Having Open Communication

Continuing in our Friday theme of effective communication in a marriage brings us to an important requirement and that is “openness”. The best way to get to know one another and avoid misunderstandings is to have open communication.

Some things are simply impossible and there isn’t anyone on the planet who can read someone’s mind, especially when it comes to spouses, and communicating to one another. Husbands and wives should not have to guess what each other is thinking. 1 Corinthians 2:11, Paul says, “Who among men knows the thoughts of a man except the spirit of a man, which is in him?” The only way for us to reveal our thoughts to one another is to speak to one another.
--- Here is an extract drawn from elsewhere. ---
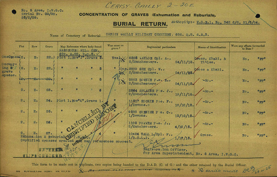 After the war Robert and the five other soldiers killed on the 24th November 1915 were exhumed and reburied at Cerisy-Gailly Military Cemetery.

Although both the husband and wife are responsible to communicate and be open with each other, it is the husband’s responsibility, as leader of the household, to ensure that the channels of communication are continually open. If necessary, the husband must take the initiative to ensure that a spirit of openness exists in the relationship.

Last week I talked about developing Godly habits and one of those is working on open communication. One important detail in open communication is listening to each other carefully. This means paying attention—no daydreaming but making sure your attention is on your spouse. Husbands and wives should not give the impression that what the other has to say is unimportant or stupid. It also means asking questions. If a spouse does not understand what has been said they should ask questions until the other’s thought is fully understood. If one is married to a person who is very quiet and not naturally open, one should gently ask questions to prompt the conversation.

Another important detail in open communication is making sure you mean what you say, and say what you mean, be clear! Husbands and wives must avoid being misunderstood in the communication by being vague and indirect. Which means no beating around the bush, above everything else when it comes to effective communication is being clear when you speak.

Miscommunication is a big cause for marital problems because they can lead to anger, resentment and arguments over issues that really are meaningless. When couples are not open and honest with each other, minor problems stew and more often than not, end up in unwarranted blowups over the smallest things. Unresolved issues pile up in the marriage relationship until the problems reach a point that seems unmanageable.

The principle of open communication is really simple, but is the most common problem in this day of marriage. It’s unfortunate that so many marriages have ended in divorce because of unclear communication that allows blowups to be a part of everyday life. Husbands and wives should not be afraid to speak openly to one another, as long as they do so in a gentle, loving manner. Stop trying to read each others’ minds, which includes, trying to read in between the lines. With open communication husbands and wives will not only avoid misunderstandings and unnecessary arguments but will also get to know each other more and more as time progresses.